The Canadian government, in association with various media conglomerates, has come out with yet another gender infomercial in its propaganda war against sexual/biological normativity.

How is it to Realize you are Transgender. Transforming Gender, released at the start of “Pride” season and one of a collection called “Real Pride,” is available in both a ten-minute and a sixty-minute version. Funded by Canada Media Fund, the government of Ontario and Radio Canada, and produced by MadHive Media in association with The CBC’s Gender Project Inc. 2015, the film is written and directed by Marc de Guerre, produced by Rachel Low and Janine Heath of Madhive Media.

Labelled a documentary, the film is actually an extended infomercial, making its way seamlessly through the standard trans marketing points offered to the unsuspecting:

· trans has always existed among human populations

· gender is a spectrum and therefore so is sex

· the childhood of trans people “trapped in the wrong body” is bathos incarnate

· some “trans” people don’t need to do more than socially transition, while others need the full range of surgery and drugs

· a “trans identity” can emerge at any time in one’s life

· but children know their “gender” at an early age

· if only society would stop living within a sex-binary, trans people would live happy and productive lives

This entire narrative is presented as fact, with sympathy for those excluded from normal social life (sex/bio normativity) for no reason other than transphobia.

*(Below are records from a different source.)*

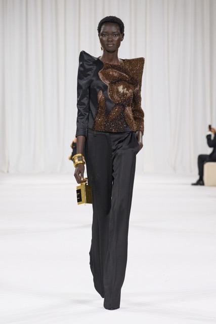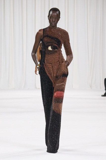 This Balmain collection is a striking display of Olivier Rousteing’s signature bold, architectural approach to fashion. The collection leans heavily into the house’s defining elements—those fiercely structured shoulders and angular silhouettes—but with fresh updates that keep it exciting. The craftsmanship shines through in every piece, with the precision cuts and sculptural tailoring showcasing the skill of Balmain’s artisans. Particularly impressive are the intricate hand-embroidered designs, where thousands of pearlescent beads create portraits of faces on jackets, dresses, and shorts.
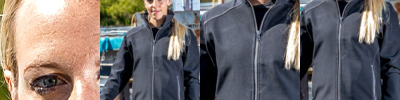 Three layer soft shell. 94% polyester/6% elastane outer layer. Waterproof, windproof and breathable mid layer. Polyester fleece lining. Full length zip with chin guard and inner zip guard. Right chest zip pocket. Two front zip pockets. Bound elasticated cuffs and hem. Tear out label.
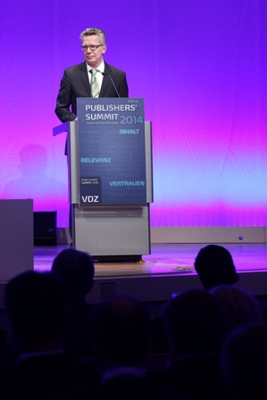 Zudem müssten sich Verlage anständig refinanzieren können und dazu zähle beispielsweise auch, dass deren Direktmarketingaktivitäten wie beim Fachpressevertrieb weiterhin möglich sein müssten. Außerdem sollten Schlupflöcher verhindert werden, die außereuropäischen Unternehmen, die ihren Sitz in Irland nehmen, Vorteile verschafften. Ein Level-Playing-Field im Datenschutzrecht sei in diesem Sinne erforderlich, so dass sich jeder Anbieter gleichen Regeln unterwerfen müsse. Abschließend betonte der Bundesinnenminister, dass man auf die deutsche Zeitschriftenlandschaft stolz sein könne: "Um die Vielfalt, Breite, Tiefe und Qualität, analog und online, beneiden uns viele in der Welt". Dabei solle es bleiben.
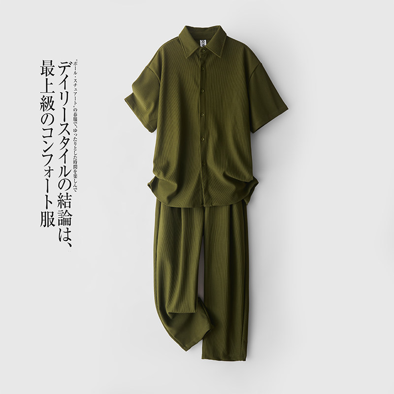 [Japanese texture] old money new fashion suit men's loose shirt short-sleeved casual trousers two-piece set
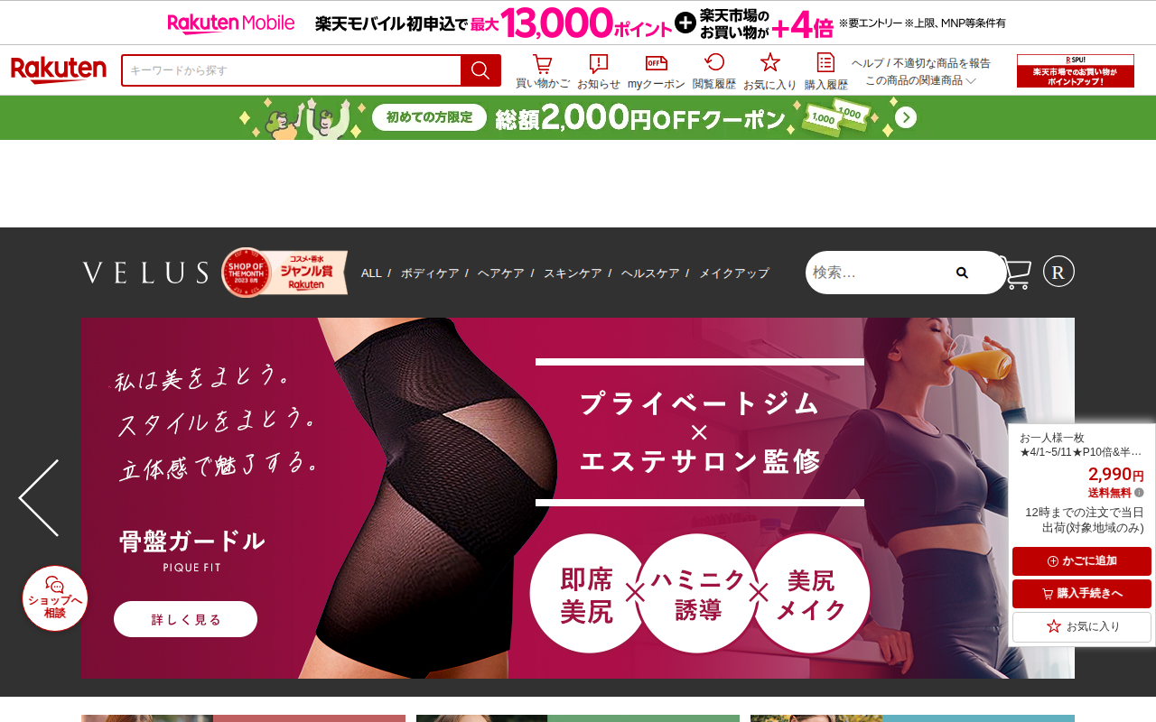 このページは、楽天市場で販売されているVELUS製のまつげ美容液の商品ページです。大容量9.5mlで、ヒト幹細胞培養液やキャピキシルなど9大高級ケア成分を配合しており、まつげ・眉毛ケア、マスカラ下地など7つの機能を備えて...

The facts missing are:

· puberty blockers, wrong sex hormones and surgeries can have devastating health consequences

· males regardless of how they identify belong to the class of people which oppresses and physically harms females

· self-id laws deprive women of their rights to safety and dignity

· nature demands that humans recognize the sex binary (sex/bio normativity) for the sake of continuance of the species

Most of the selling points are made by three “respectable” professionals – Herschel Russell, a Toronto psychotherapist, Carys Massarella, a physician with Quest Community Health in St. Catherines, and Aaron Devor, Transgender Chair at the University of Victoria – who are spotlighted in the ten-minute video. The longer version fills in the gaps between these “voices of authority” with the voices of several joyous young people and children, none of whom seem burdened with the typical symptoms associated with a belief that they are in the wrong body, such as anxiety, depression, self-harm or autism.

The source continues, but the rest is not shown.